Tucker "Do you need me to sign anything else?"
Manager "No, I guess that's it."
Tucker "OK, does that mean we're done? If we're done, I am going to go."
Manager "OK."

Since I said the signing would start at 2pm, I thought everyone who was going to come had come. It didn't occur to me that more people were going to show up late. Had I stopped and thought about it, it would have made perfect sense, and I would have waited at least until 2:30 to make sure, but I was intensely hung over this morning from a hard night of partying in DC last night, and so I just wasn't thinking. For every other signing I've done, when the line ends, the signing is over.

Well, apparently a LOT of people showed up after I left. I don't know how many, but it was at least dozens, because that's how many emails I've gotten asking where the fuck I was.

First off If you showed up to the signing and I was gone, I am really sorry. I had no intention of dissing any of my fans, I would never bolt a place early on purpose, I honestly just thought we were done.

But here's what really fucking pissed me off: I have heard from several fans that the fucking assholes working at Books-A-Million put all the blame ON ME, and told people I was supposed to stay an hour but demanded to leave!!

Fuck those fucking incompetent, lying assholes.

I have done dozens of signings at bookstores around the country, and NEVER has anyone who worked at any book store ever had anything but the very best things to say about me as an author. I will sign anything, take any picture, stay as long as there are fans there, I talk to people--I do everything you could ever expect from an author. For those fucking pricks to act like I left for ANY reason other than I thought we were done is fucking bullshit. I will never do a signing at a Book-A-Million again. Fuck them.

But the most important thing: I want to sincerely apologize to everyone who showed up to find me gone. I may be an asshole, but I would NEVER be a dick to fans on purpose, and yes I should have waited until 2:30, but I honestly thought we were done. My bad, and if there is any way I can reasonably make it up to you, let me know.

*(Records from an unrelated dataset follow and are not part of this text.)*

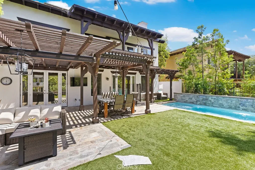 Experience resort style living at its finest in this stunning home, perfectly positioned on the 2nd hole of the prestigious Coto de Caza’s South Course. This meticulously designed home features 4 spacious bedrooms, a dedicated office, and 3 bathrooms, all accented by elegant shutters. The newly remodeled gourmet kitchen shines with custom-built cabinetry, sleek quartzite countertops, a large walk-in pantry, and a spacious island with countertop seating. The adjacent great room serves as a central gathering hub, anchored by a striking stacked stone fireplace. The primary suite with a balcony overlooking the golf course is a true sanctuary. The spa-inspired bath with a double vanity, free-standing soaking tub, and large walk-in shower is accented with stunning marble—the expansive walk-in closet is never-ending. Step outside to your private entertainer’s oasis, which is masterfully designed with a newly rebuilt custom PebbleTech pool (newer equipment), low-maintenance turf, and a refined stone patio. Summer hosting is effortless with the built-in outdoor BBQ island featuring a professional-grade Viking Grill—all set against the serene backdrop of the golf course. This home is as functional as it is beautiful, featuring a 3-car garage with epoxy flooring, a water softener, and fully paid-for solar with a backup battery for ultimate energy efficiency and peace of mind.
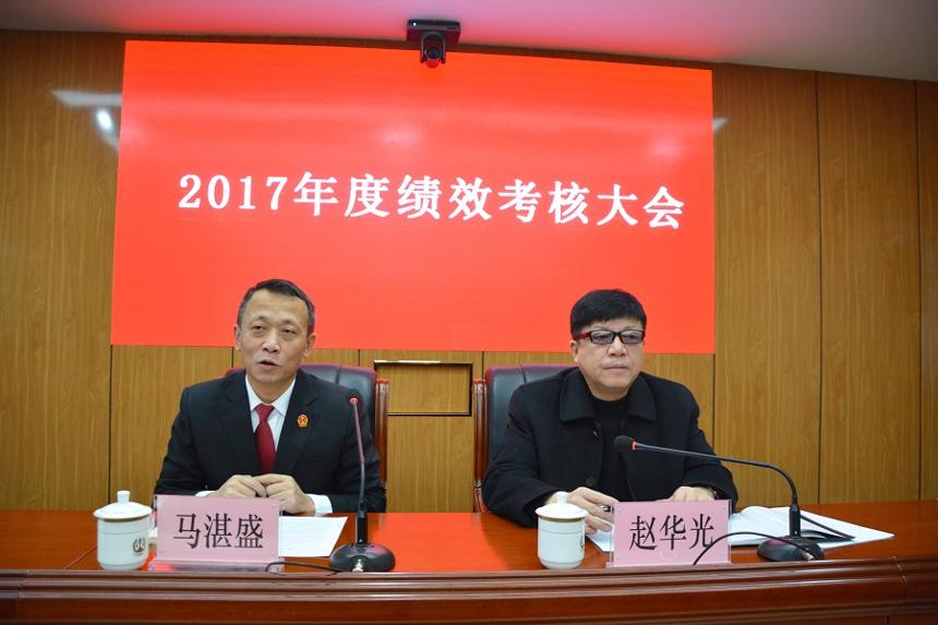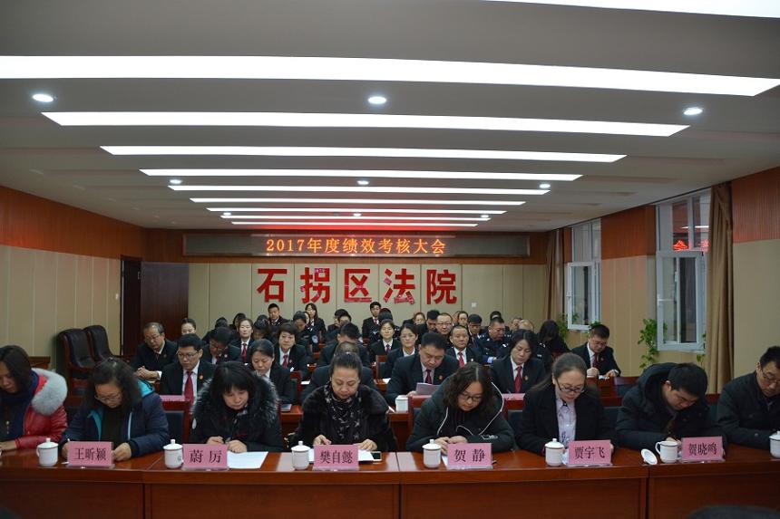 12月26日上午,市中院党组成员、政治处主任赵华光一行对石拐区法院2017年度目标实绩工作进行考核。区法院全体干警参加考核会议。
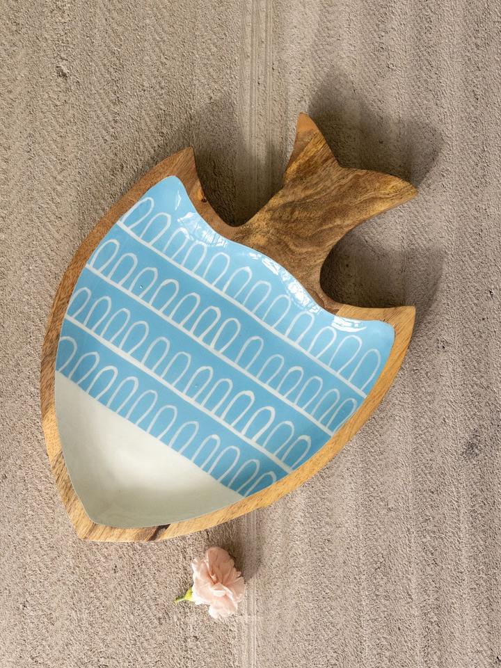 Plato de Madera Tallado a Mano con Forma de Pez
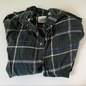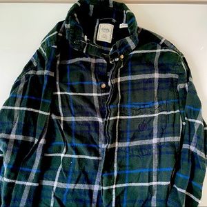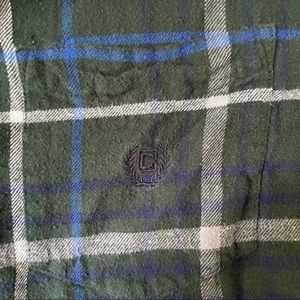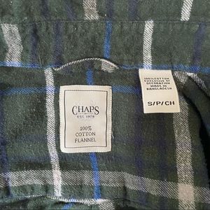 Chaps Men’s Small Green/Blue/White flannel shirt. Embroidered Logo on left chest pocket. Nice wood styled buttons
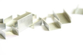 Ostrza do noży do papieru, zbliżenie. Segmentowane ostrza noża na białym tle. Artykuły piśmienne.

Wednesday, January 07, 2009 
I will be doing a few book signings on the east coast to promote the release of the Revised and Expanded edition of I Hope They Serve Beer In Hell. Here are the details for anyone interested in going to one of them:

NEW YORK, NY
Wednesday, January 21st
Borders
6pm
2 Penn Plaza
New York, NY 10121

 
PHILADELPHIA, PA
Thursday, January 22nd
Borders
6pm
80 E Wynnewood Avenue
Wynnewood, PA 19096

 
WASHINGTON, D.C.
Friday, January 23rd
Books A Million
7pm
11 Dupont Circle N.W.
Washington, DC 20036


MARYLAND
Saturday, January 24th
Books A Million - Arundel Hills
2pm
7000 Arundel Mills Circle, Space B3
Hanover, MD 21076


BOSTON, MA
Monday, January 26th
Borders
7pm
511 Boylston St.
Boston, MA 10121
 

CHICAGO, IL
Tuesday, January 27th
Borders
7pm
830 N. Michigan Avenue
Chicago, IL 60611


EDIT: People, I can't go to every city, and I didn't put this book tour together, my publisher did. I promise that when Assholes Finish First drops, I will do a huge book tour and hit most of the major cities in the country. Not to mention
the movie is going to drop later this year
, and we will do a premiere tour for that.


Saturday, December 06, 2008 
Forgot to post about this:

I am going to be at Fort Bragg to see the UFC Fight Night this coming Wednesday. Afterwards, I will be at Huske's Hardware for the afterparty, any and all people in the area are welcome to stop by, especially military.